### DATA FOR THIS TASK
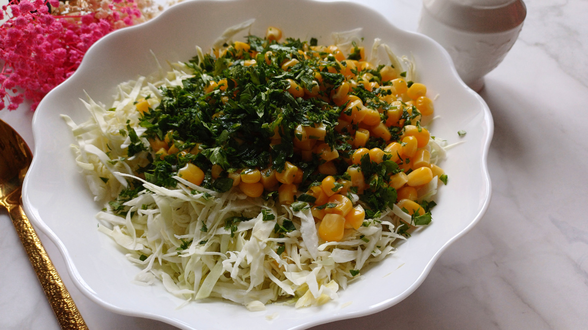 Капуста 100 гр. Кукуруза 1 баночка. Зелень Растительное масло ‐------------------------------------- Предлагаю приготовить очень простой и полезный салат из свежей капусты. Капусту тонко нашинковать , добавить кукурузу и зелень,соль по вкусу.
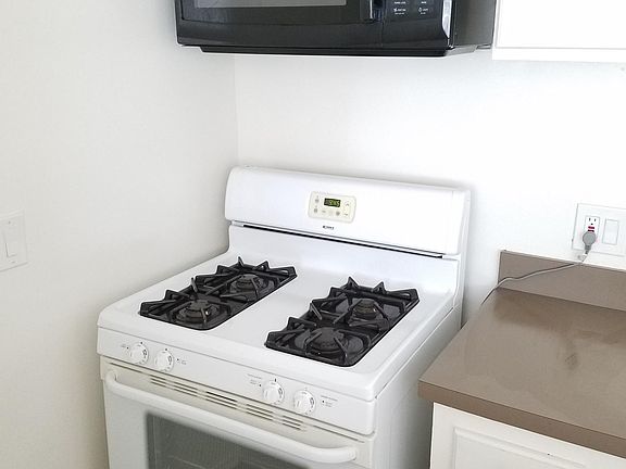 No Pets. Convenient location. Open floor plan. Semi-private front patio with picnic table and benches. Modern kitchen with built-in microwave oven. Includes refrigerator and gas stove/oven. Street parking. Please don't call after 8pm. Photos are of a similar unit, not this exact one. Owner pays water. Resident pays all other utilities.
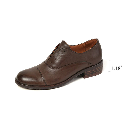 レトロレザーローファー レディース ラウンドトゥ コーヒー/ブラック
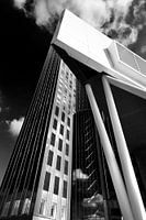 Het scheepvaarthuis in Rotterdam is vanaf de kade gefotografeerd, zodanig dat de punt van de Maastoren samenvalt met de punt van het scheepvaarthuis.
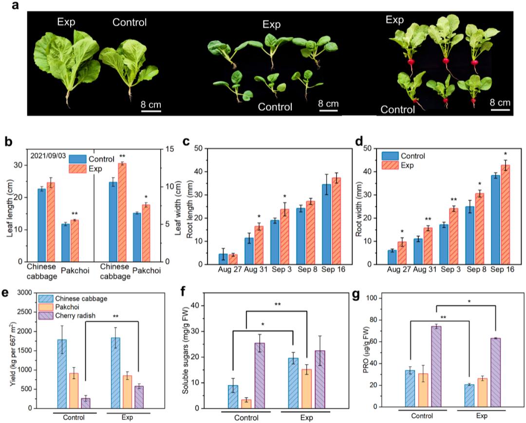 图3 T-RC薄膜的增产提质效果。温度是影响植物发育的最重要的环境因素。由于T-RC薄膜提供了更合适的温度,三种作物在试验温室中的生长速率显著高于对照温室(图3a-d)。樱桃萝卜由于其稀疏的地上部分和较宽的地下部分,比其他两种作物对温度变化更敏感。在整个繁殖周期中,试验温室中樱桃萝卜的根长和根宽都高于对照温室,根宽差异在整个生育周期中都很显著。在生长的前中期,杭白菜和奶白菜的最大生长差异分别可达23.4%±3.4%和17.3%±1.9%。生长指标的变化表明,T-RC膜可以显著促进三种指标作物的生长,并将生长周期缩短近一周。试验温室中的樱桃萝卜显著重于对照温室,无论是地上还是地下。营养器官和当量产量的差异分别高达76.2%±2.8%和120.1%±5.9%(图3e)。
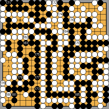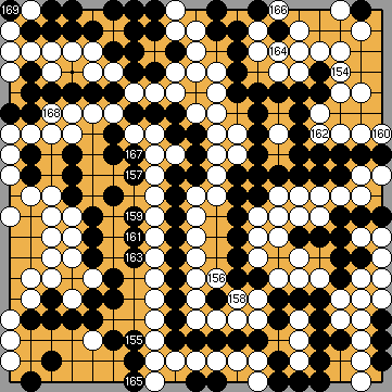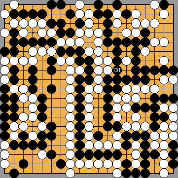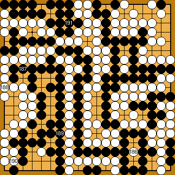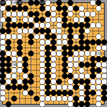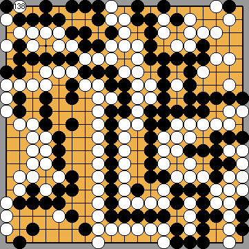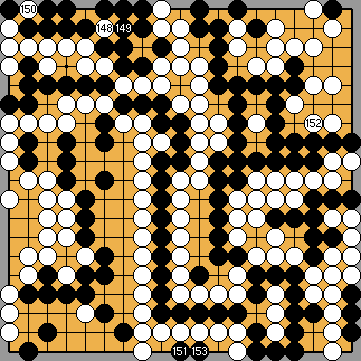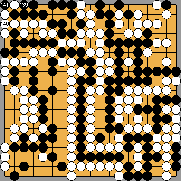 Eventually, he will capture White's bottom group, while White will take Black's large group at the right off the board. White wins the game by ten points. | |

==

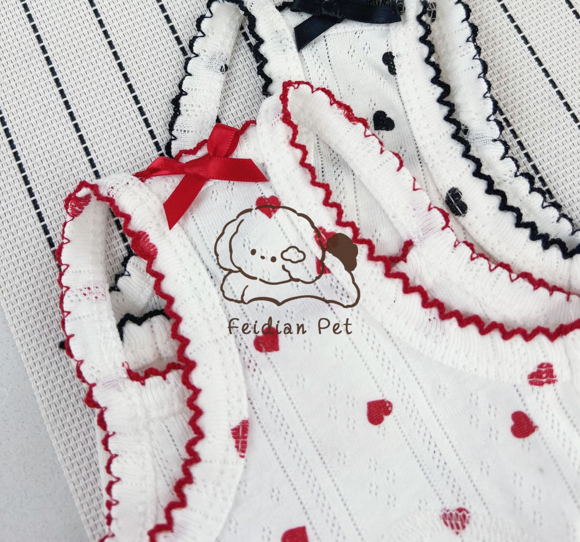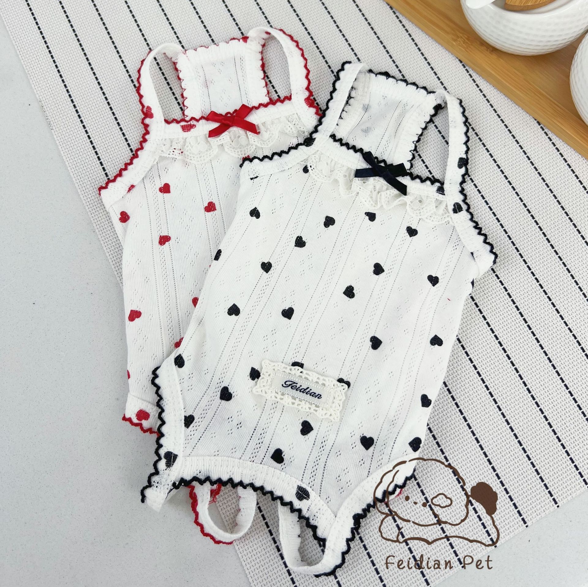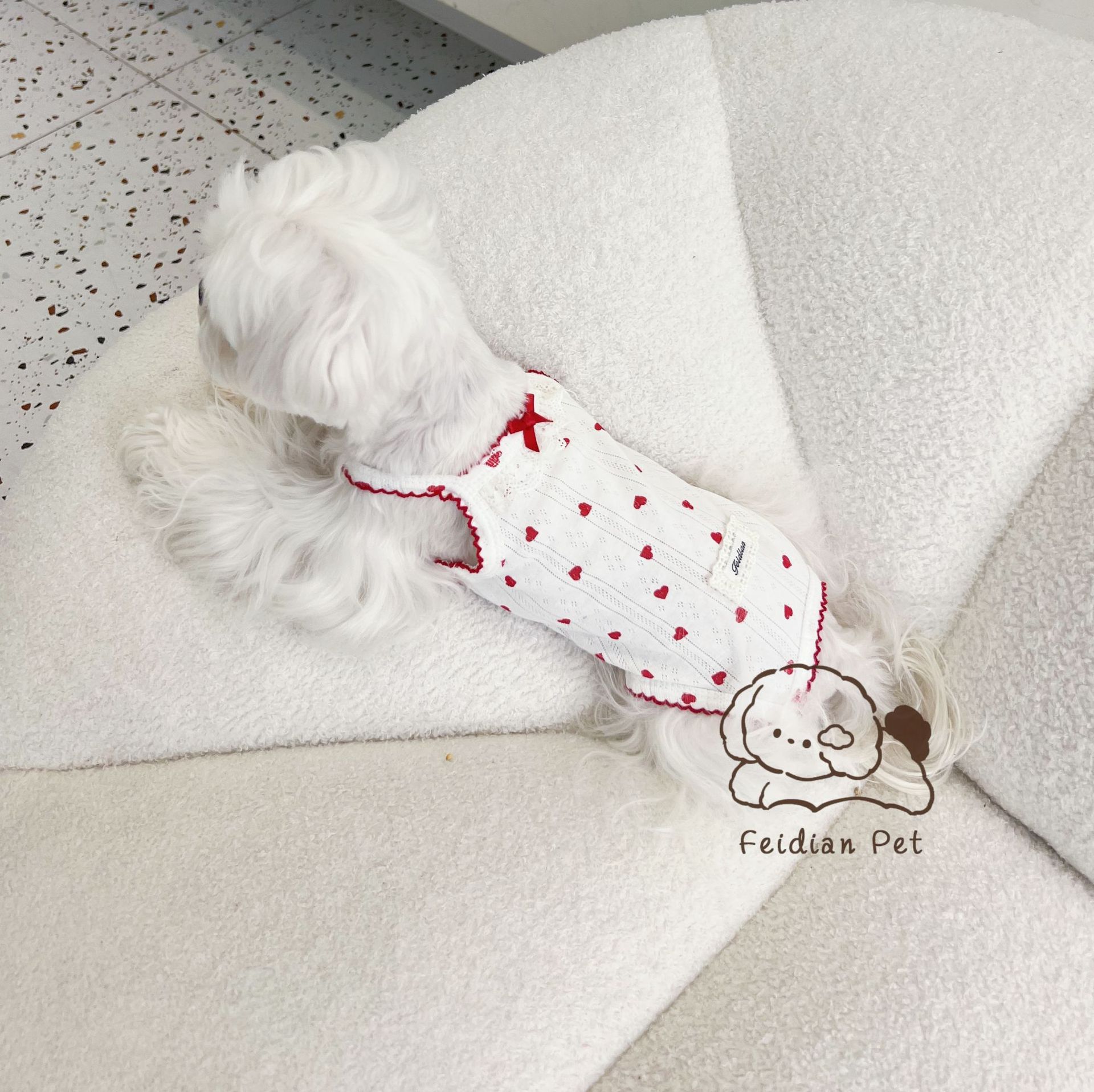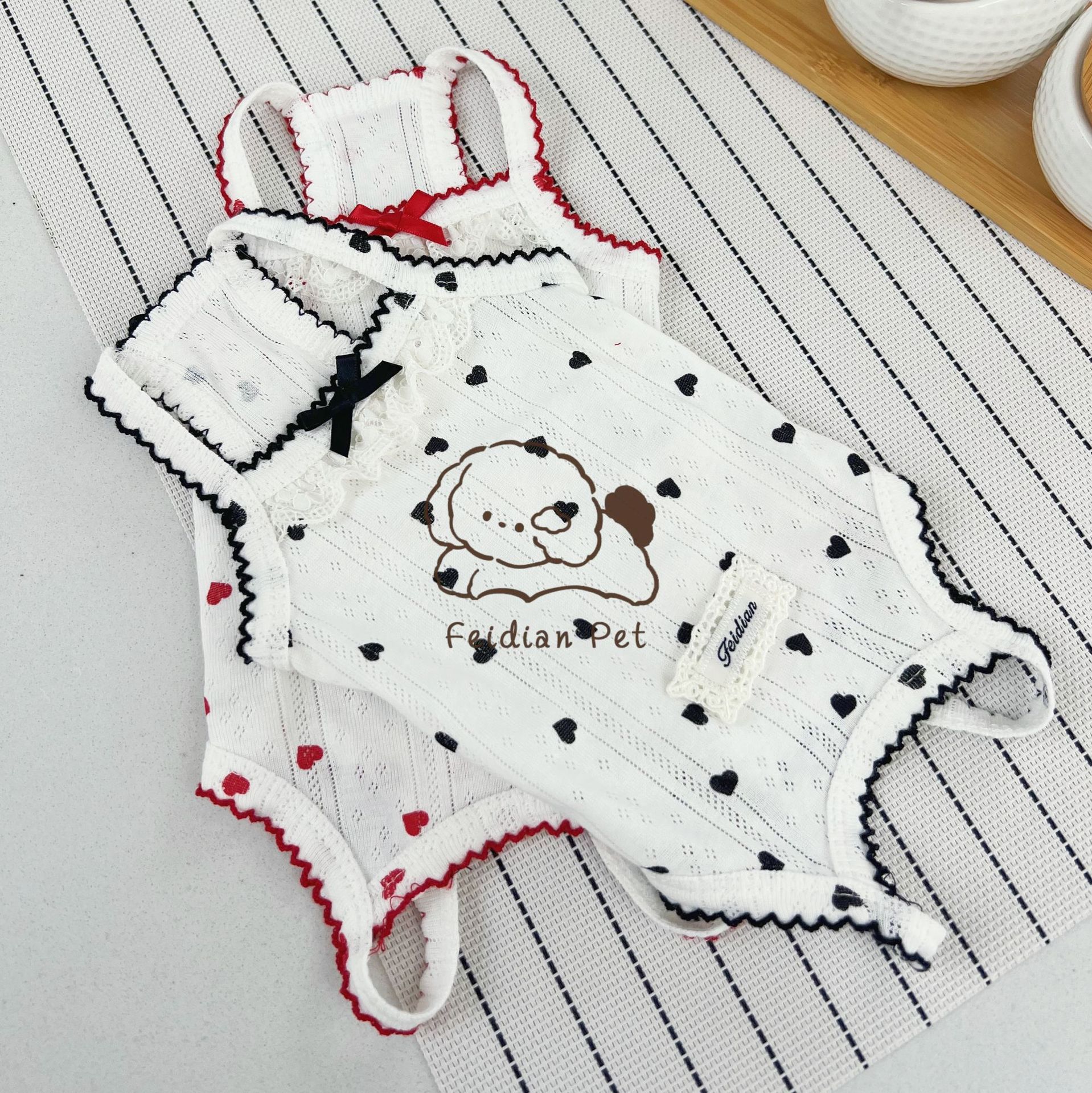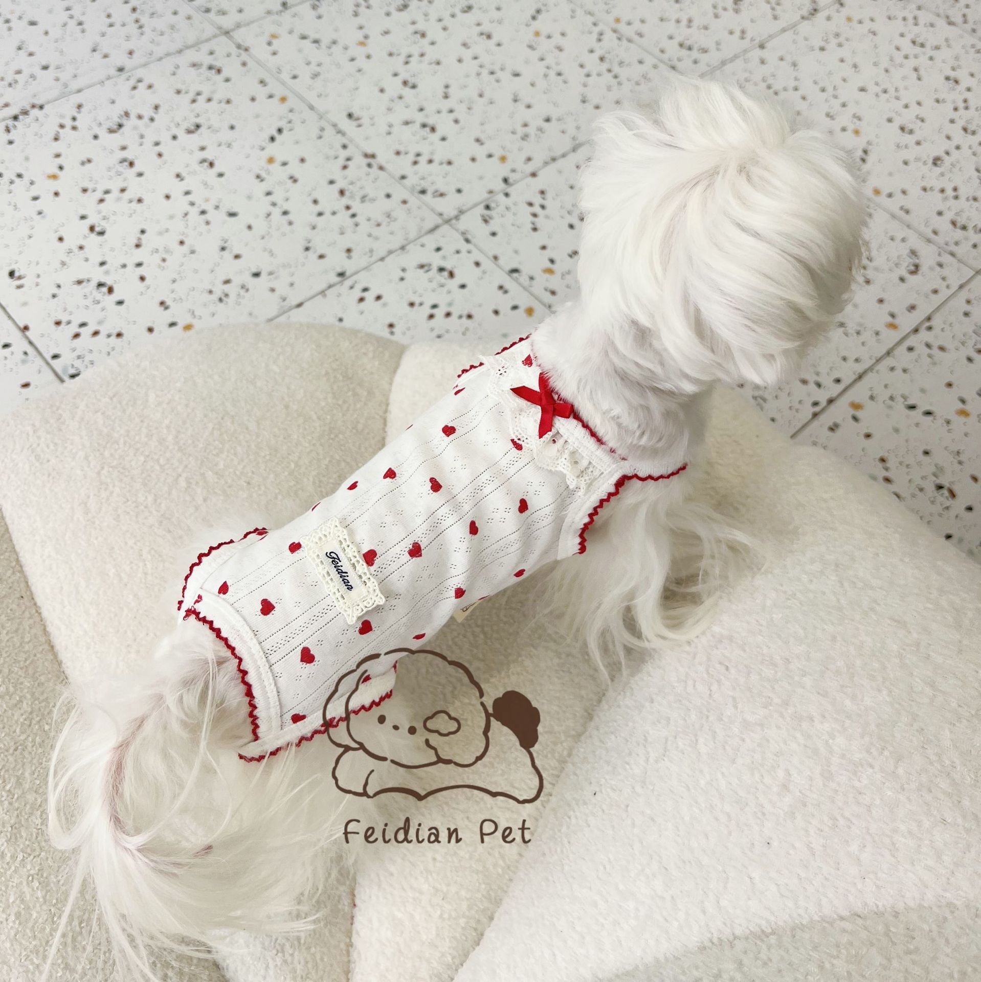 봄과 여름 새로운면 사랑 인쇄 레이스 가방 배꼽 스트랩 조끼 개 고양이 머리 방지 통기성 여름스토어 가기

### EXERCISE INSTRUCTIONS
Within the listing above, extract exactly the lines that run from the one containing "Het scheepvaarthuis in" through the one containing "Eventually, he will", excluding any pictures.

### RESULT FOR THIS TASK
 Het scheepvaarthuis in Rotterdam is vanaf de kade gefotografeerd, zodanig dat de punt van de Maastoren samenvalt met de punt van het scheepvaarthuis.
 图3 T-RC薄膜的增产提质效果。温度是影响植物发育的最重要的环境因素。由于T-RC薄膜提供了更合适的温度,三种作物在试验温室中的生长速率显著高于对照温室(图3a-d)。樱桃萝卜由于其稀疏的地上部分和较宽的地下部分,比其他两种作物对温度变化更敏感。在整个繁殖周期中,试验温室中樱桃萝卜的根长和根宽都高于对照温室,根宽差异在整个生育周期中都很显著。在生长的前中期,杭白菜和奶白菜的最大生长差异分别可达23.4%±3.4%和17.3%±1.9%。生长指标的变化表明,T-RC膜可以显著促进三种指标作物的生长,并将生长周期缩短近一周。试验温室中的樱桃萝卜显著重于对照温室,无论是地上还是地下。营养器官和当量产量的差异分别高达76.2%±2.8%和120.1%±5.9%(图3e)。
 Eventually, he will capture White's bottom group, while White will take Black's large group at the right off the board. White wins the game by ten points. | |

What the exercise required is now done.